Kapolsek Lubuk Baja Kompol Deni Langie Ungkap Alasan Hentikan Kasus Anak Dibawa Tanpa Izin, Hasil Kajian Ahli Pidana dan Pengumpulan Alat Bukti Nyatakan Tidak Ada Unsur Pidana
StrightTimes — Polemik laporan dugaan anak dibawa tanpa izin yang dilaporkan oleh Putri Iryani akhirnya menemui titik terang. Polsek Lubuk Baja memastikan penghentian penyelidikan perkara tersebut dilakukan berdasarkan prosedur hukum yang berlaku, setelah melalui serangkaian pemeriksaan, pendalaman fakta, hingga kajian dari ahli pidana.
Kapolsek Lubuk Baja, Kompol Deni Langie, menegaskan keputusan penghentian penyelidikan tidak dilakukan secara sepihak, melainkan berdasarkan hasil penyelidikan yang telah dilakukan secara menyeluruh dan transparan.
“Seluruh proses sudah dilaksanakan secara maksimal sesuai ketentuan. Penyidik bekerja berdasarkan fakta-fakta yang diperoleh selama penyelidikan dan keputusan penghentian tidak dilakukan secara sepihak,” ujar Kompol Deni Langie, Kamis (6/8/2026).
Ia menjelaskan, sejak laporan polisi diterima pada 6 Mei 2026, penyidik Polsek Lubuk Baja melalui Ps Kanit Reskrim langsung melakukan pendalaman dengan menerjunkan tim Subnit III Unit Reskrim untuk mengumpulkan keterangan dan alat bukti yang diperlukan.
Dalam proses penyelidikan, sejumlah pihak yang dinilai memiliki keterkaitan dengan perkara telah dimintai keterangan. Pemeriksaan dilakukan terhadap pelapor Putri Iryani, terlapor Ebby Pratama Hermawan, saksi dari lingkungan tempat tinggal kedua pihak, bidan yang membantu proses kelahiran anak, istri sah terlapor, pegawai Disdukcapil, hingga ahli pidana.
Selain melakukan pemeriksaan terhadap para saksi, penyidik juga memberikan ruang transparansi kepada pihak pelapor melalui penyampaian Surat Pemberitahuan Perkembangan Hasil Penyelidikan (SP2HP) sebanyak lima kali.
“Setiap tahapan kami sampaikan sesuai mekanisme yang berlaku. Penyidik tetap mengedepankan asas profesionalitas, transparansi, dan akuntabilitas dalam menangani setiap laporan masyarakat,” jelas Kompol Deni.

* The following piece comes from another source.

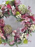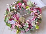 ベージュやグレージュのニュアンスカラーが美しい、ボリューム感のあるスワッグです。白バラ、ドライフラワー風の紅バラをアクセントにどこか時間を超えた幻想的な雰囲気も感じられてとても心惹かれます。 また、スワッグの向きや花器に応じた飾り方を提案して下さっているので、これから色々な表情を見つけて行ければと思います。今回も素敵な作品をありがとうございました。

Dalam proses penanganan perkara tersebut, penyidik juga menindaklanjuti pengaduan masyarakat (Dumas) yang masuk melalui Ombudsman RI Perwakilan Kepulauan Riau. Anak yang menjadi objek laporan telah dikembalikan kepada pihak pelapor pada 13 Mei 2026 setelah sebelumnya menjalani pemeriksaan kesehatan di RS Santa Elisabeth.
Setelah seluruh rangkaian penyelidikan dilakukan, penyidik kemudian melaksanakan gelar perkara di Satreskrim Polresta Barelang pada 24 Juni 2026. Gelar perkara tersebut dihadiri jajaran fungsi reserse, mulai dari Wakasat Reskrim hingga para Kanit terkait.
Dari hasil gelar perkara, kajian ahli pidana, serta analisis terhadap alat bukti yang telah dikumpulkan, disimpulkan bahwa perkara tersebut tidak memenuhi unsur tindak pidana sebagaimana yang dilaporkan.
“Dari hasil kajian ahli pidana dan pengumpulan alat bukti, perkara ini tidak memenuhi unsur pidana dan alat bukti belum cukup. Perkara ini lebih kepada sengketa keperdataan terkait hak asuh anak,” ungkap Kompol Deni.
Berdasarkan hasil tersebut, penyidik kemudian menerbitkan Surat Perintah Penghentian Penyelidikan (SP2Lid). Penghentian penyelidikan ini, kata Kompol Deni, bukan berarti laporan masyarakat diabaikan, melainkan merupakan keputusan hukum yang diambil setelah seluruh fakta dan bukti diperiksa secara menyeluruh.
“Polri tetap berkomitmen memberikan pelayanan terbaik kepada masyarakat. Setiap laporan tetap ditindaklanjuti secara profesional, namun penanganannya harus berdasarkan fakta hukum dan ketentuan yang berlaku,” pungkasnya.
Dengan keputusan tersebut, Polsek Lubuk Baja menegaskan bahwa perkara ini tidak ditemukan adanya peristiwa pidana, melainkan merupakan persoalan hubungan keperdataan mengenai hak asuh anak yang penyelesaiannya berada pada ranah hukum keluarga.